In short, you can't. People want to believe what they want to believe. Maybe
if you have someone receptive you can explain the absurd number of
correlations advertisers can make from your profile, and the fact that a guess
only has to be right once for it to see like Facebook is listening to you
while advertisers make tens or hundreds of guesses every day. No one wants to
hear this explanation though, so I wouldn't expect to convince anyone. :)

------
tonteldoos
A quick google suggests there are just as many articles saying that it IS the
case (especially when you broaden it to include Google/Amazon/etc).

Some have pretty convincing anecdata backing up the theory.

I'm not sure that you can prove/disprove it, without actual insider
knowledge...

------
k4ch0w
Buy a burner phone with cash in a different city that you live in. Install
Facebook. Start a Netflix binge session show that is purely in Chinese or
Japanese.
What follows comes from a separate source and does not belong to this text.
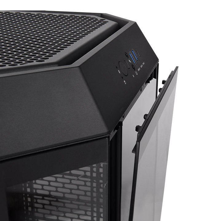 The Tower series has been iconic for its vertical body designs and the Tower 300 follows in those footsteps. However, with its new octagonal prism design we were able to not only increase the viewing areas for the components inside but also allow for better airflow and bigger cooling options too. This gives the Tower 300 the classic looks of its predecessors but with even better performance and updated styling.

Do nothing else then open a url with a lot of ads.

------
thedevindevops
Brace yourself:
[https://www.facebook.com/about/privacy/update](https://www.facebook.com/about/privacy/update)

------
PerfectElement
You can try to use some common sense. The risk of a security researcher
finding out about it, or of a whistleblower coming out is too high. Something
like that would not pass a risk-benefit analysis in any stretch of the
imagination, specially for a company that already collects huge amounts of
data from their users.

I don't think this is something Facebook would be able to come back from.

------
muzani
It actually seems easier to prove how to do this. I might actually hack
together an app that listens in on conversations and transcribes it to profile
a user. And then demonstrate how hard or easy it is.

------
tjkrusinski
Try saying the name of various products/brands out loud and then documenting
if you see ads for those products?

------
HNLurker2
Haha so relatable. Do you work for Facebook?